Data section
▬▬▬
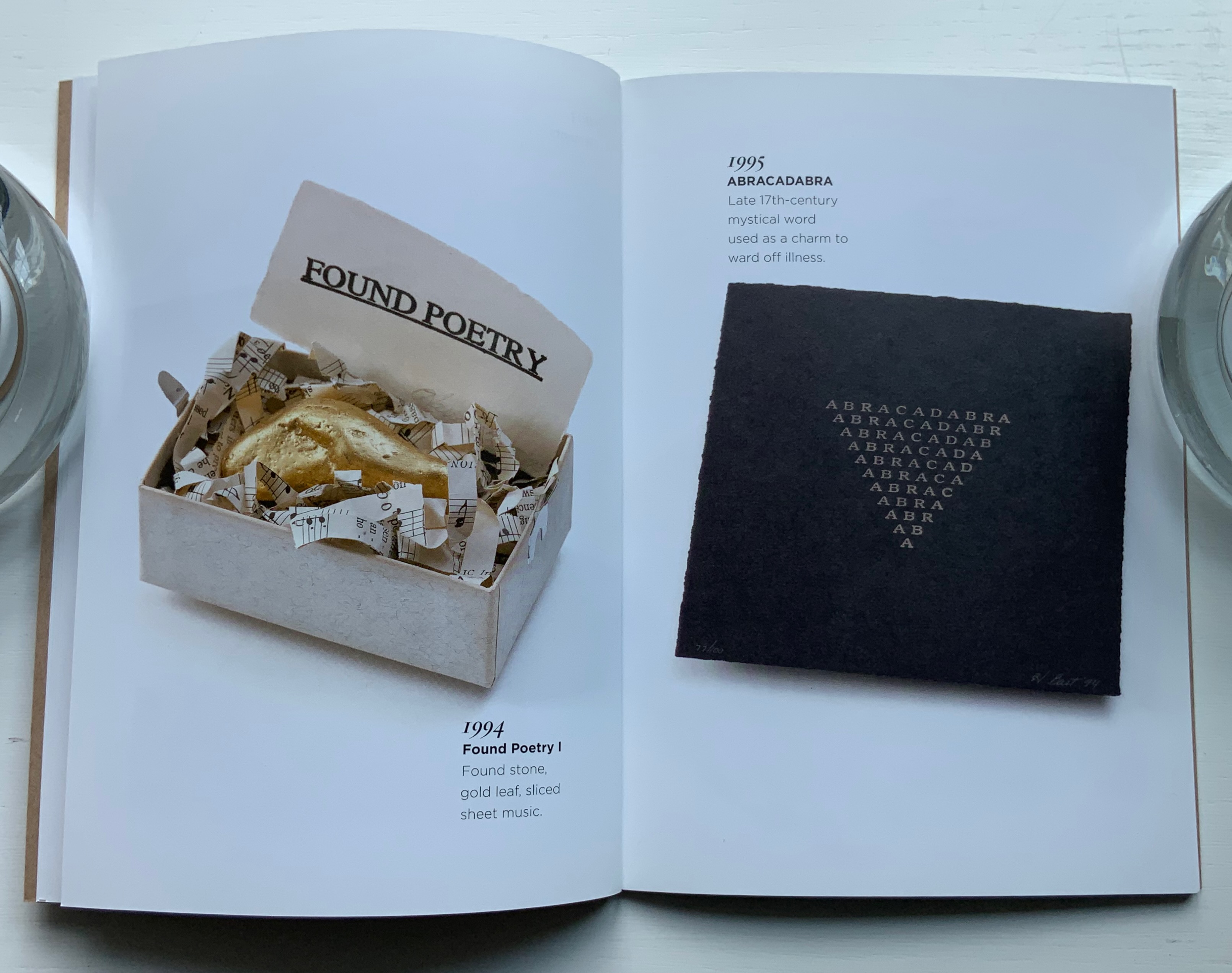 While Abt’s introductory essay rings the historical changes on the roots of book art — once there was Mallarmé’s Un Coup de Dés, but before Mallarmé, there was William Blake — the works included and the catalogue’s design ring some chimes of their own about book art. One way or another, all book art self-consciously draws attention to some particularly bookish element. For the most part, the 49 works listed in the catalogue ring true. The catalogue design itself, however, chimes not only to that notion of self-reflexiveness but also to wider notions about the nature of book art within contemporary art.
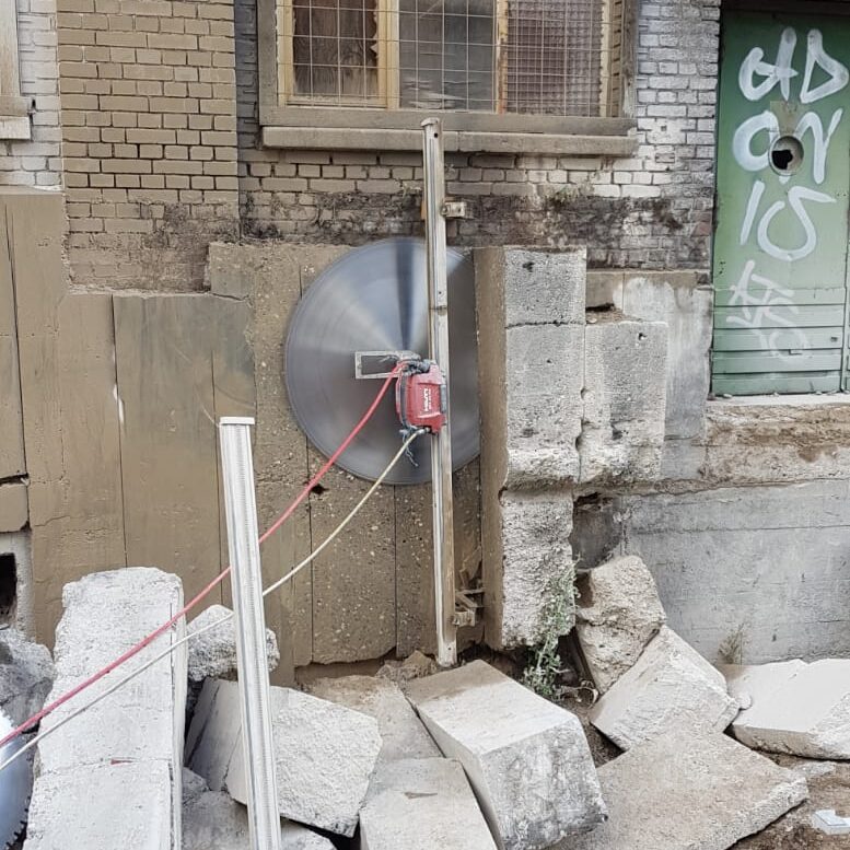 Unsere Sägeblätter können bis zu 60cm tief [sägen. So können Betontragplatten abgetrennt, Fundamente zersägt, Balkone demontiert, und Stahlbetonriegel entfernt werden.
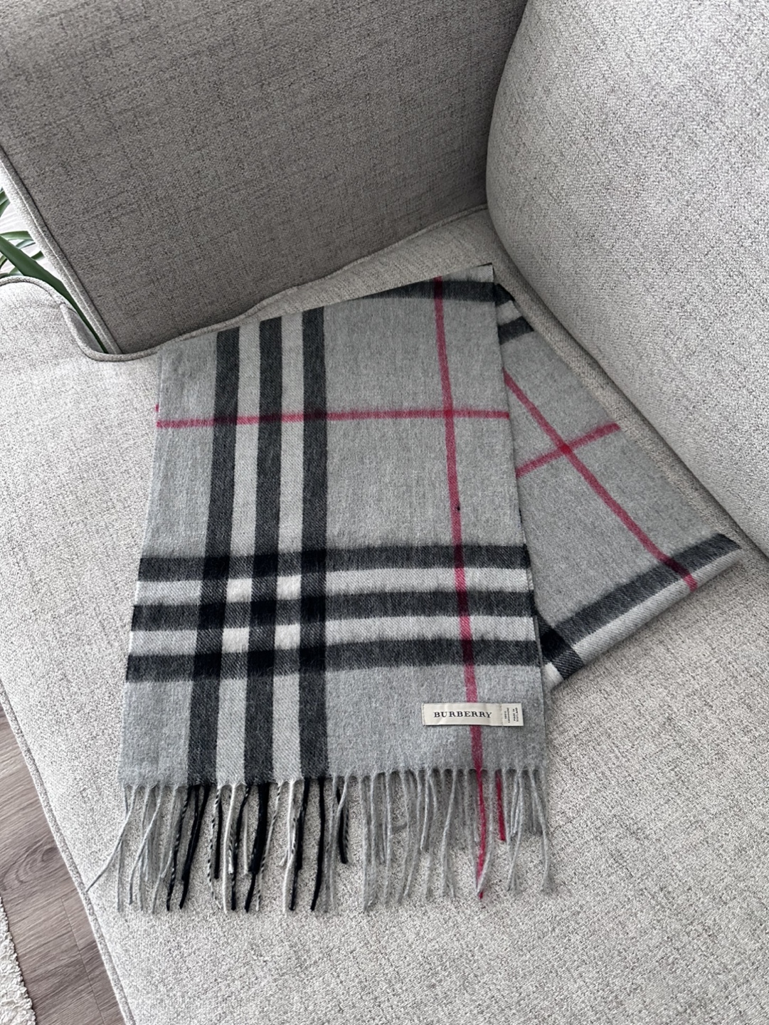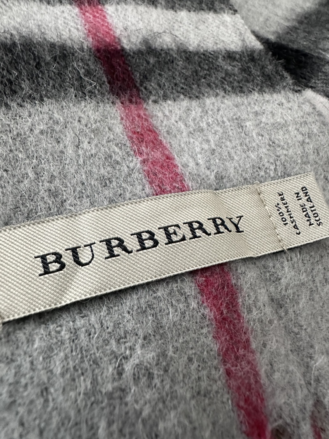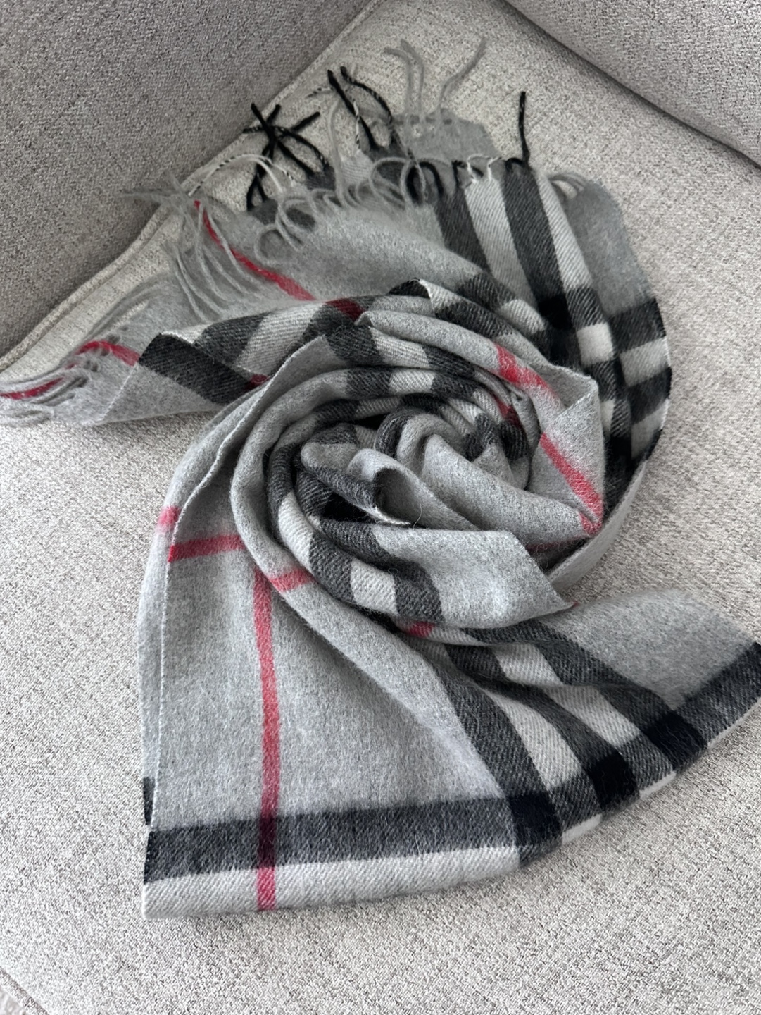 Authentic Burberry scarf. Grey and black check pattern with red accents. 100% cashmere. Made in Scotland. Features fringe detailing.
▬▬▬
Assignment
Print out all the material above exactly as it appears, omitting the images.

Result of this task
 While Abt’s introductory essay rings the historical changes on the roots of book art — once there was Mallarmé’s Un Coup de Dés, but before Mallarmé, there was William Blake — the works included and the catalogue’s design ring some chimes of their own about book art. One way or another, all book art self-consciously draws attention to some particularly bookish element. For the most part, the 49 works listed in the catalogue ring true. The catalogue design itself, however, chimes not only to that notion of self-reflexiveness but also to wider notions about the nature of book art within contemporary art.
 Unsere Sägeblätter können bis zu 60cm tief [sägen. So können Betontragplatten abgetrennt, Fundamente zersägt, Balkone demontiert, und Stahlbetonriegel entfernt werden.
 Authentic Burberry scarf. Grey and black check pattern with red accents. 100% cashmere. Made in Scotland. Features fringe detailing.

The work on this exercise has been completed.